▶ _TASK PROMPT_
Could you please transcribe the data exactly, without the pictures?

▶ _SOURCE DATA_
—————
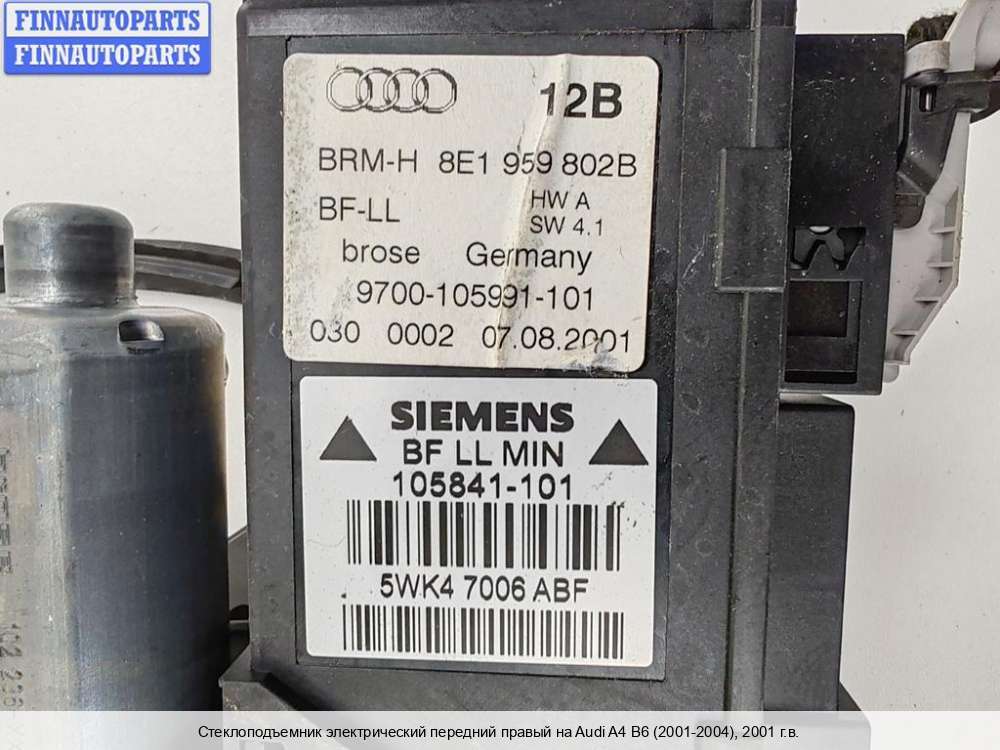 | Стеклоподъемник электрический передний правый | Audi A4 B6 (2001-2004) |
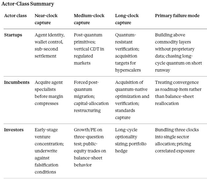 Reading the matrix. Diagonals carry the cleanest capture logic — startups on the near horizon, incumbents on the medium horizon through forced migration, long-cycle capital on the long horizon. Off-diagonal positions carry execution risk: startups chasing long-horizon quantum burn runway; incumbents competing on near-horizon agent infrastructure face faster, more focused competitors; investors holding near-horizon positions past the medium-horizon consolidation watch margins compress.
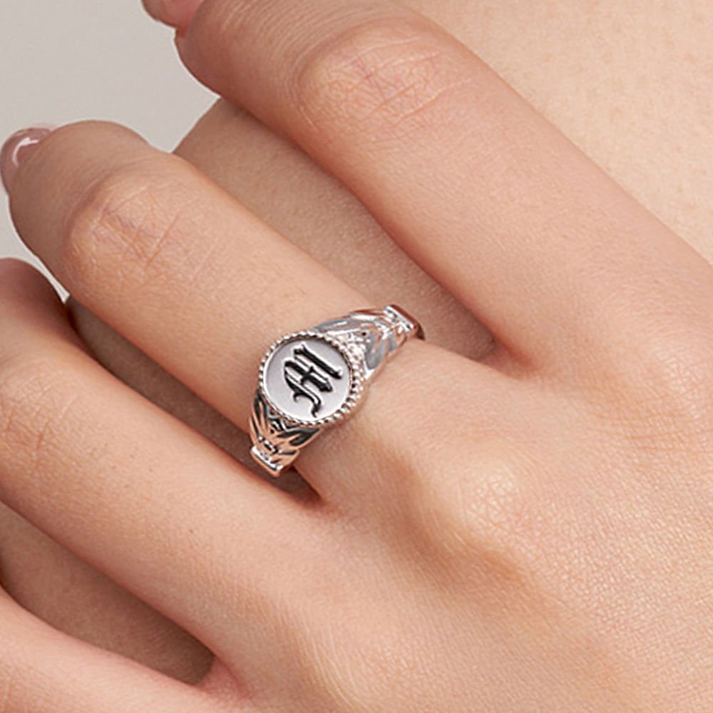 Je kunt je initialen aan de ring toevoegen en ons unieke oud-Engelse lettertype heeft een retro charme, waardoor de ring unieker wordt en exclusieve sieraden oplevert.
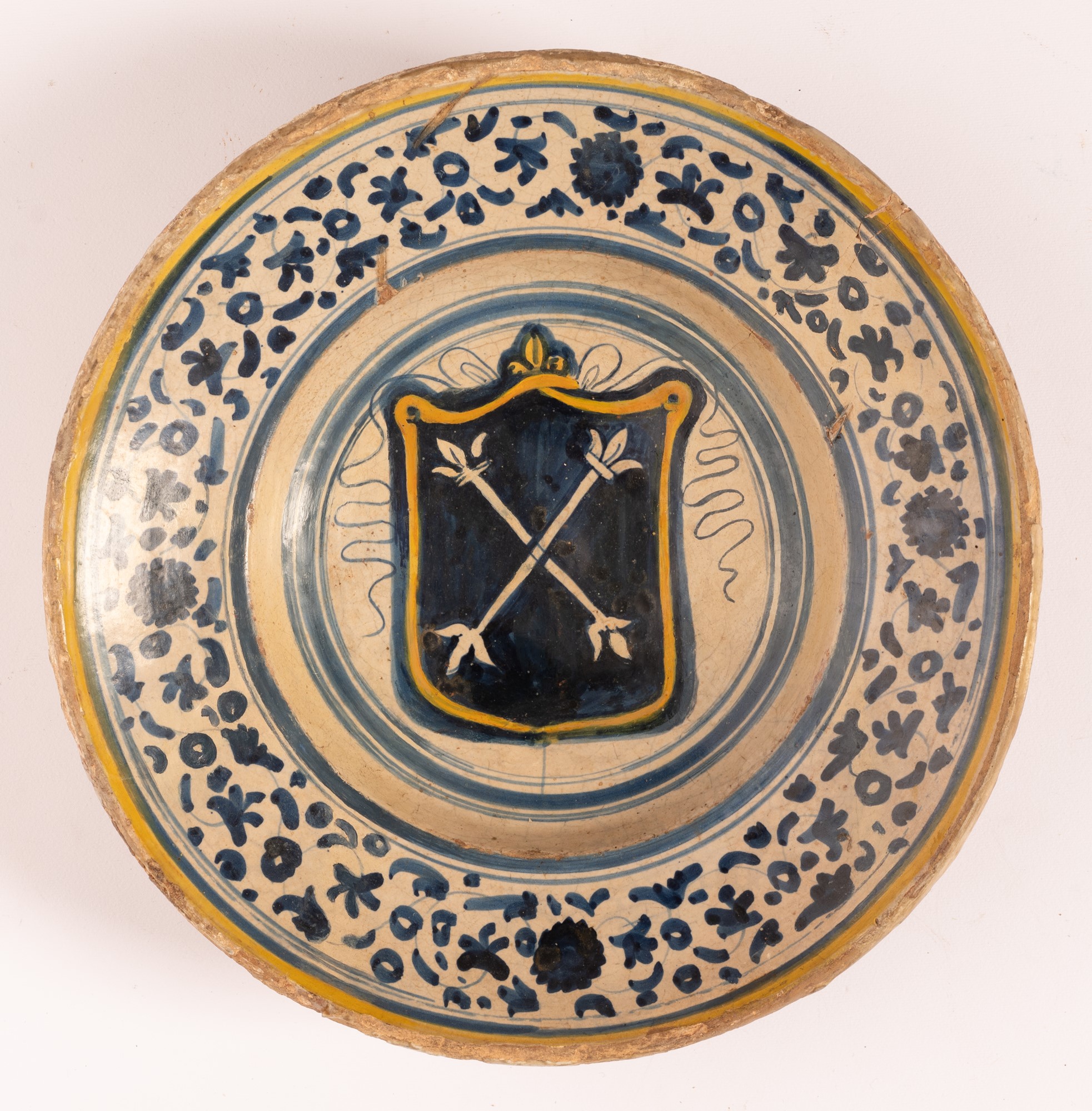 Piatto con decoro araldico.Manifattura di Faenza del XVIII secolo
—————
▶ _ANSWER BELOW_
 | Стеклоподъемник электрический передний правый | Audi A4 B6 (2001-2004) |
 Reading the matrix. Diagonals carry the cleanest capture logic — startups on the near horizon, incumbents on the medium horizon through forced migration, long-cycle capital on the long horizon. Off-diagonal positions carry execution risk: startups chasing long-horizon quantum burn runway; incumbents competing on near-horizon agent infrastructure face faster, more focused competitors; investors holding near-horizon positions past the medium-horizon consolidation watch margins compress.
 Je kunt je initialen aan de ring toevoegen en ons unieke oud-Engelse lettertype heeft een retro charme, waardoor de ring unieker wordt en exclusieve sieraden oplevert.
 Piatto con decoro araldico.Manifattura di Faenza del XVIII secolo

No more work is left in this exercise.